There are 2 calls to dm table, a call to dm status and 2 calls to dm info for 360001ff00c68030f8d0108000000fa00 and ddn9900_001_a_sata, but only a single call to dm table for hpwnetapp02_000. That first call is to grab the device type.  If the device isn't a multipath device, it's ignored, so it appears that 
hpwnetapp02_000 must exist but not be a multipath device. That makes sense with what appear later.

Aug 22 11:00:37 | hpwnetapp02_000: set ACT_CREATE (map does not exist)

Means that there is no multipath device with this name or wwid.

Aug 22 11:00:37 | libdevmapper: ioctl/libdm-iface.c(1724): dm info hpwnetapp02_000  NF   [16384] (*1)
Aug 22 11:00:37 | hpwnetapp02_000: map already present

Happens when multipath tries to actually create the device, and finds that the device name is already in use.

I'm not sure how this is happening, or what hpwnetapp02_000 actually is. If you could show me the output of

# dmsetup table

I could answer that better.

Comment 3 Jason Czech 2014-09-09 19:08:14 UTC
There have been some advancements, but no root cause identified.  By updating 19 pacakges and adding rd_NO_MULTIPATH to the kernel boot options I am able to get the system to boot properly.  These are the updated packages from the otherwise base RHEL6.4 install:

bfa-firmware-3.2.21.1-2.el6.noarch.rpm
device-mapper-multipath-0.4.9-72.el6_5.3.x86_64.rpm
device-mapper-multipath-libs-0.4.9-72.el6_5.3.x86_64.rpm
dracut-004-336.el6_5.2.noarch.rpm
dracut-fips-004-336.el6_5.2.noarch.rpm
dracut-kernel-004-336.el6_5.2.noarch.rpm
dracut-network-004-336.el6_5.2.noarch.rpm
initscripts-9.03.40-2.el6_5.3.x86_64.rpm
kernel-2.6.32-431.23.3.el6.x86_64.rpm
kernel-devel-2.6.32-431.23.3.el6.x86_64.rpm
kernel-doc-2.6.32-431.23.3.el6.noarch.rpm
kernel-firmware-2.6.32-431.23.3.el6.noarch.rpm
kernel-headers-2.6.32-431.23.3.el6.x86_64.rpm
kpartx-0.4.9-72.el6_5.3.x86_64.rpm
libgudev1-147-2.51.el6.x86_64.rpm
libgudev1-devel-147-2.51.el6.x86_64.rpm
libudev-147-2.51.el6.x86_64.rpm
libudev-devel-147-2.51.el6.x86_64.rpm
udev-147-2.51.el6.x86_64.rpm

I have an older system without these updates that is currently booted and has one inacessible multipath device.  It does not show up in dmsetup output.  I'll attach output of multipath -v6 and dmsetup table from that system.

Comment 4 Jason Czech 2014-09-09 19:09:39 UTC
Created attachment 935899 [details]
Kraken "multipath -v6" and "dmsetup table" output

Comment 5 Ben Marzinski 2015-10-16 23:38:14 UTC
I know this one sort of fell through the cracks, but are you still seeing this? Looking at your last attachment, it doesn't appear that in this case hpwnetapp02_006 already exists.  Still, messages like

 device-mapper: create ioctl on hpwnetapp02_006 failed: Device or resource bus

almost always happen because one of the path devices IS currently in use.

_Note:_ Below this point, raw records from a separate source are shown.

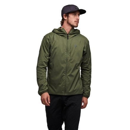 An ultralight soft shell, the men's Black Diamond Alpine Start Hoody is designed to shield you from ridgeline gusts and light weather, so you can keep climbing even in windy and cold conditions.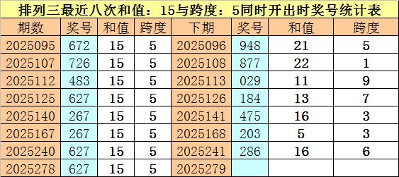 开奖回顾:体彩排列三第2025278期奖号为:627。和值为:15,跨度为:5。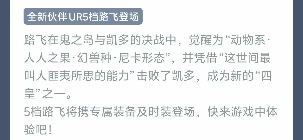 全新尼卡路飞来了,直接五档带装备和时装,讲道理时装应该有不少的

Comment 7 Jason Czech 2015-10-20 20:56:05 UTC
I have not been able to test a more recent version of RHEL6 on these systems.  The problem as I described continued to exist until the workaround I stated in comment #3 fixed this issue.

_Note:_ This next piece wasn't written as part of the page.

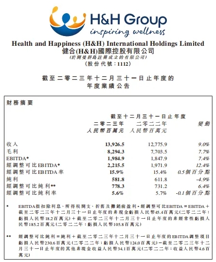 H&H國際控股發(fā)布截至2023年12月31日止年度的年度業(yè)績(jī),該集團(tuán)期內(nèi)取得收入139.26億元,同比增加9.01%;股東應(yīng)占溢利5.82億元,同比減少4.89%;每股基本盈利0.91元;擬派發(fā)末期股息每股0.18港元。

Comment 9 Ben Marzinski 2015-10-21 21:46:50 UTC
Do you still have a system without the updates from comment #3? If so, could you run

# dmestup info

as well as

# multipath -v6

if it's changed since what you posted in comment #4.

Comment 10 Jason Czech 2015-11-04 20:01:09 UTC
Unfortunately I don't have any systems without the updates to test with at this point since we've applied the patches/workaround to all our impacted systems.

Comment 12 Ben Marzinski 2015-11-05 16:10:13 UTC
Since you fixed this issue by updating patches to RHEL-6.5 it does seem very possible that whatever your issue is, has already been fixed in a previous release. I haven't been able to reproduce this, and I'm leaning towards closing this with INSUFFICIENT_DATA.

Comment 13 Jason Czech 2015-11-05 21:08:46 UTC
Since patching per comment #3 the bug still exists if the rd_NO_MULTIPATH kernel boot option is not set.  The problem only occurred with LUNs from a pair of NetApp FAS6240 controllers running clustered OnTap.  LUNs from other vendor's storage controllers weren't impacted, so unless you have that specific hardware/storage OS to troubleshoot you might have trouble recreating the issue.  Unfortunately, I'm not able to reboot these production hosts at will to troubleshoot, I don't have a viable test host, and I can't afford to spend time on it since we've already found a workaround.

Comment 20 Lin Li 2015-12-22 08:06:08 UTC
Hi Jason,
Because there is no NetApp FAS6240 in our lab, could you help to feedback test result on RHEL-6.8 once the patch is available?
thanks a lot!

Comment 21 Jason Czech 2016-01-19 14:05:41 UTC
Hi Lin,

When will the patch be available?  Is it also available in RHEL7.x?  Will I be able to apply a subset of packages (per Comment #3) or will I be required to upgrade all packages to RHEL6.8 revisions?  These systems operate under strict change control and applying a full set of upgraded packages could potentially be very disruptive.

Comment 22 Ben Marzinski 2016-01-19 15:54:48 UTC
There currently is no patch in the works. Without the ability to recreate this, and get information off a system when this is happening, this is going to be a tricky to figure out what's going wrong.  Looking through the code around this area, I don't see anything that could cause this without one of the path devices actually being in use, and if a path device is in use, there's nothing that multipath can do. The kernel simply won't allow two systems to exclusively grab a device.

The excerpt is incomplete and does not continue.